Higher latency can lead to operational and performance issues, including:

• Control-plane sensitivity (for example, etcd behavior under slower links)
• Increased storage latency (for example, Ceph replication and recovery paths)
• Slower virtual network paths between workloads in different sites

This aligns with the Architecture overview, which positions an AZ as a close geographic zone (typically same campus/metro, often on the order of a few dozen kilometers at most in best cases).

IPAM behavior across AZs

Superphenix IPAM is scoped per availability zone (AZ). Superphenix receives one or more IP ranges (pools) and allocates addresses from those ranges to VMs, NAT gateways, containers, and other workloads/services in that AZ. If you configure overlapping ranges in different AZs, Superphenix does not provide global deduplication across AZs for those allocations and does not guarantee non-overlap between AZs.

For disaster recovery between AZs, Superphenix expects public workload IPs to remain consistent during failover.
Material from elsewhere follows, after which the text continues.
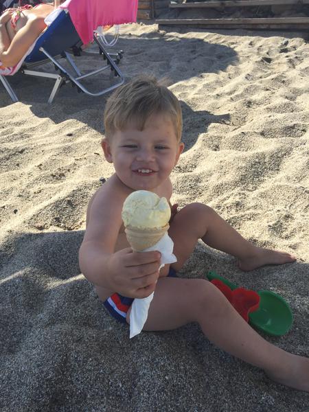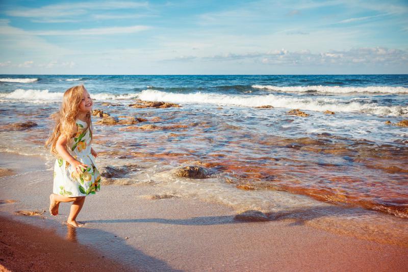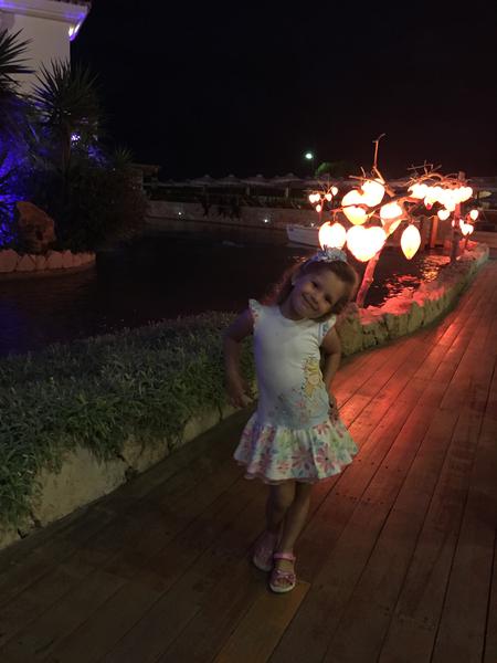 На пляже - крупный песок, с вкраплениями гальки, хороший, дети с удовольствием копали. Но при заходе в воду примерно через пол метра-метр начинаются камни на дне. Мне это особо не мешала, т.к. я могла сразу от берега поплыть, Алине видимо тоже)) Хотя вода прозрачнейшая. Иногда прибивало сухую траву к берегу, но ее убирают. Когда мы приехали, температура воды была 24 градуса! Мою Алю было не вытащить из воды)) Перед отъездом чуть прохладнее, наверно 23. Периодически ветер и небольшая волна, вот тогда в море Алину не пускала, купались в бассейне.

In practice, each AZ network should be designed so it can carry the same public ranges, while only the local IPAM allocates addresses to workloads running in that AZ.

The most practical approach is usually BGP:

• Keep one primary public range associated with each AZ for local provisioning
• Allow route advertisement of that range toward peer/remote AZs
• During failover, keep announcing the relevant public IPs from the remote AZ where workloads are restarted
• Avoid using the same range for active local provisioning in multiple AZs at the same time; this helps prevent IP conflicts

This model preserves workload addressing during recovery while keeping day-to-day allocation boundaries clear.

Cross-AZ replication bandwidth

For cross-AZ traffic (storage replication, backups, and failovers), plan at least 10 Gb/s between AZs as a practical minimum baseline.

Lower bandwidth can significantly increase recovery windows and replication lag under load.

Advanced use: public IP ranges

For advanced networking designs, you can provide public IP ranges to Superphenix so public addresses can be assigned directly to:

• Virtual machines
• NAT gateways

This can reduce translation layers for internet-facing workloads and simplify some ingress patterns when public addressing is part of the target architecture.